According to analysts, 2020 will be the “final full year of reasonably steady inflation.” The United States inflation rate was 1.23 percent in the same year. The BLS figures, inflation in the United States was 8.3 percent in August. Researchers stated, “American families spent $61,300 on average in 2020.”
“This figure comprises everything we spend money on, including accommodation, food, entertainment, clothes, transportation, and everything else. By 2022, it is expected to reach $72,900, a difference of more than $11,500 if consumers wish to retain their current level of life,” they stated.
Inflation is one of the most important economic concepts. It is the rate at which the prices of goods and services rise over time. The main cause of inflation is government spending. Secondary causes are too much money chasing too few goods and costs going up.
Inflation can be good or bad for the economy. When inflation is low, it can help businesses by making it cheaper to borrow money. This can lead to more investment and growth.
But when inflation is too high, it can hurt businesses and consumers. Prices go up, and people’s wages don’t keep pace. This can lead to economic problems and even recession.
Currently, the Fed is trying to slow inflation. However, the success is very low, with Truflation reporting an 8.91% inflation!
Hard Landing Ahead
The Federal Reserve strives to keep inflation in the sweet spot, not too high and not too low. But as a history of causing recessions when it tries to raise rates.
In yesterday’s Federal Open Market Committee (FOMC) address, Federal Reserve Chairman Jerome Powell verified a handful of my major expectations. He made a case for additional suffering and a long winter by promising to keep raising interest rates into next year.
The Fed now expects unemployment to rise through 2024 and the US economy to expand at less than 2% per year through 2025. This is undoubtedly a best-case scenario, as Powell recognized Wednesday that “a smooth landing is really difficult” and that those modest possibilities drop if the Fed needs to be more restrictive.

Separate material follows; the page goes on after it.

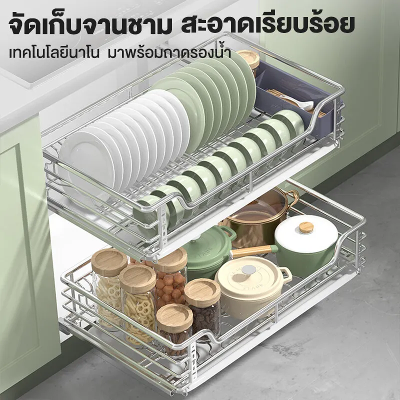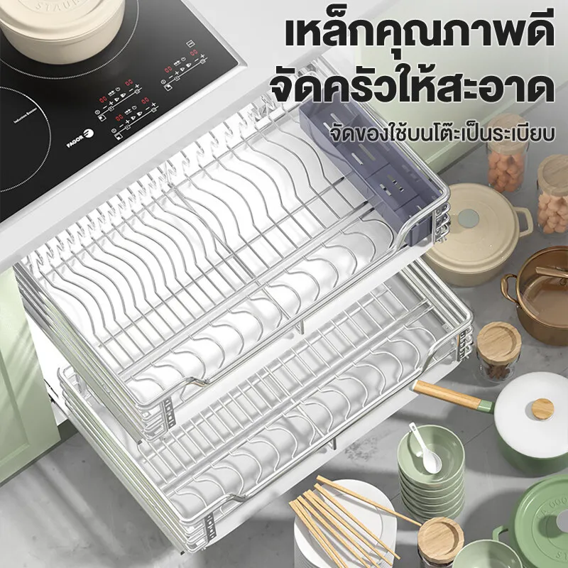 ลิ้นชักคว่ำจาน ลิ้นชักสแตนเลสใส่ชาม ที่คว่ำจานติดตู้แขวน ตะแกรงคว่ำจาน ชั้นคว่ำจานชาม ชั้นคว่ำจานแบบดึงออกได้ ตะแกรงเหล็กคว่ำจาน

Coming Unemployment & Depression 2023
Yesterday, the Federal Reserve made history by authorizing a third consecutive 75-basis-point raise in an aggressive bid to combat the US economy’s white-hot inflation.
The massive increase, which was unthinkable to markets just months ago, brings the central bank’s benchmark lending rate to a new target range of 3% -3.25 %. This is the highest fed funds rate since the 2008 global financial crisis.
The Fed’s decision on Wednesday is the Fed’s biggest policy measure to combat inflation since the 1980s. It would also certainly inflict economic hardship for millions of American companies and people by increasing the cost of borrowing items such as houses, vehicles, and credit cards.
Powell said as much yesterday: “We’ve probably in the housing market got to go through a correction to get back” to “reasonable” prices. Powell went on to say that home prices and rent would remain elevated. “Shelter inflation is going to remain high for some time. Hope for the best, plan for the worst,” he said. These are not exactly words of encouragement, especially when they come from the man whose job it is to ensure stable prices and maximum employment.
To recap, we don’t have stable prices, and Powell is about to wreck the stock market, unemployment, and real estate to slow inflation. This will most likely lead to a depression in 2023.